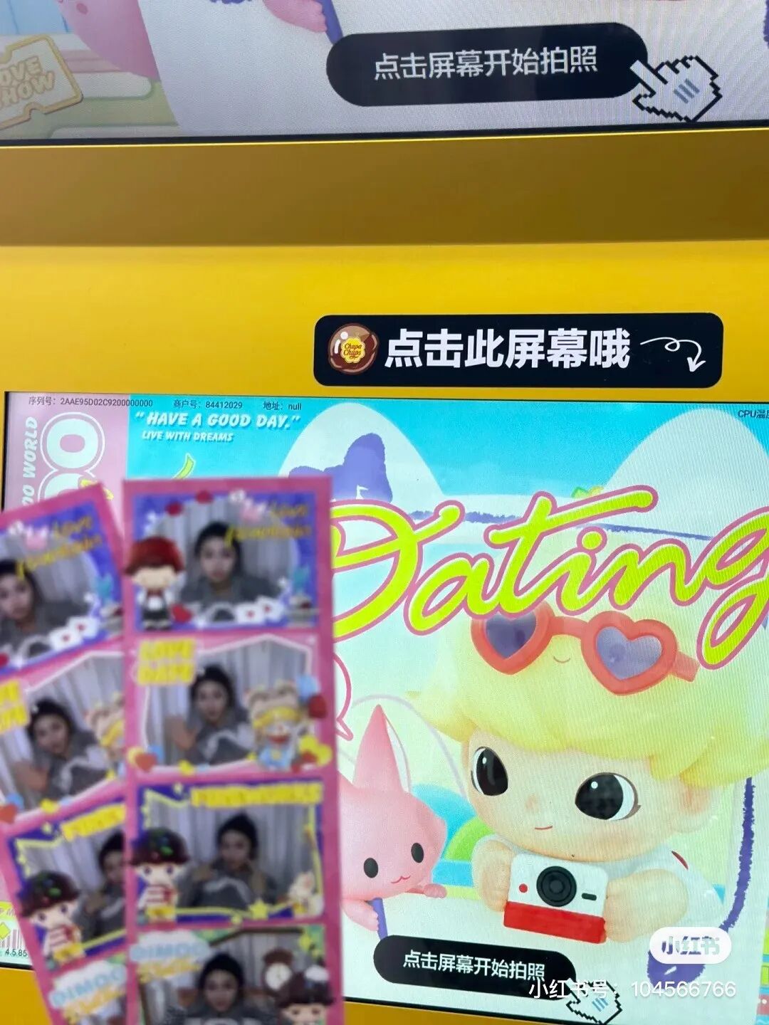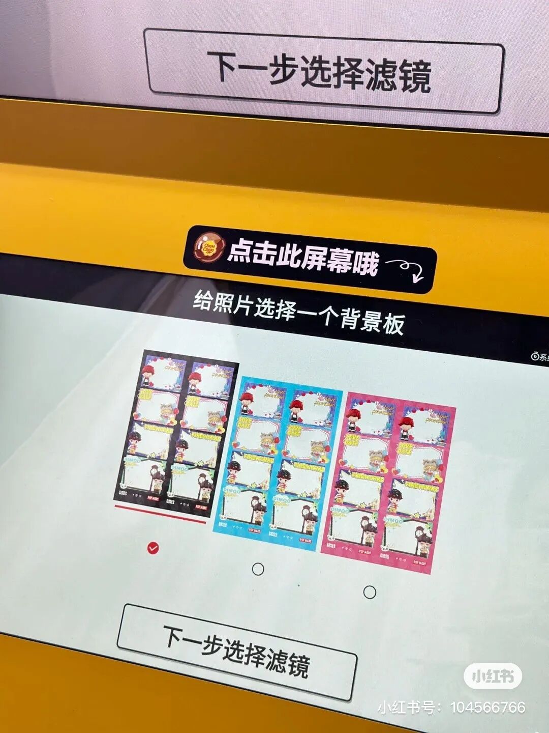 王府井apm店的泡泡瑪特也有大頭貼機器,選好背景框後和MOLLY、DIMOO、LABUBU同框合照,一杯奶茶的價格誰能不心動呢,就是這隊伍排得讓人有些勸退。
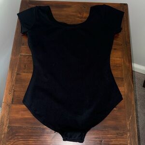 Excellent condition, Capezio Dance Gymnastics Leotard Girls Size L Child. Black one piece short sleeve leotard, 90% nylon and 10% spandex.
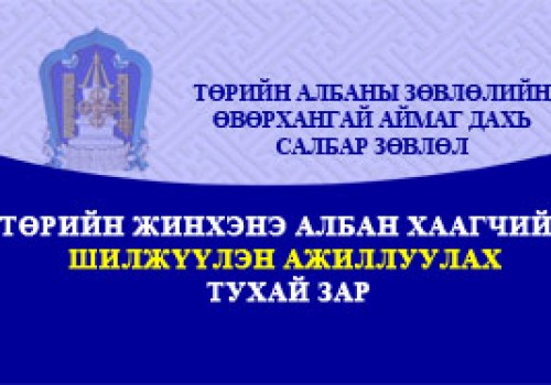ТӨРИЙН ЖИНХЭНЭ АЛБАН ХААГЧИЙГ ШИЛЖҮҮЛЭХ АЖИЛЛУУЛАХ ТУХАЙ ЗАР
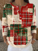 Women's Vintage Christmas Patchwork Henley neck sweater
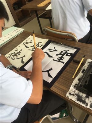 公開授業の様子 投稿日時 : 2017/06/16 学校サイト管理者 6月16日(金)の公開授業の様子です。 【地歴公民(総合農業科1年】 「法と立憲主義」についてのグループ学習です。 【書道(普通科1年)】 九成宮醴泉銘(きゅうせいきゅうれいせんめい)の書写です。 【測量(環境工学科2年】 測量機器を用いての単測法の学習です。 【プールの授業に向けて清掃活動にも頑張っています】
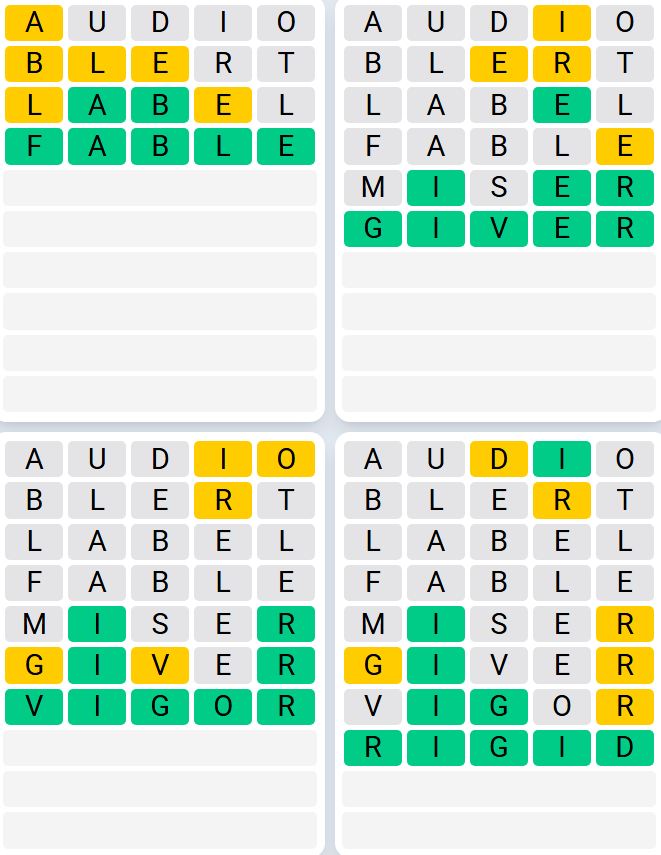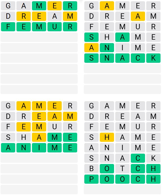 Let us know how many attempts it took you to guess today’s Quordle below.

——————————

§ **Task statement**:
Would you please repeat the lines above exactly, from the first line of the listing through the line holding "Excellent condition, Capezio", with nothing added and no pictures?

§ **Result below**:
 王府井apm店的泡泡瑪特也有大頭貼機器,選好背景框後和MOLLY、DIMOO、LABUBU同框合照,一杯奶茶的價格誰能不心動呢,就是這隊伍排得讓人有些勸退。
 Excellent condition, Capezio Dance Gymnastics Leotard Girls Size L Child. Black one piece short sleeve leotard, 90% nylon and 10% spandex.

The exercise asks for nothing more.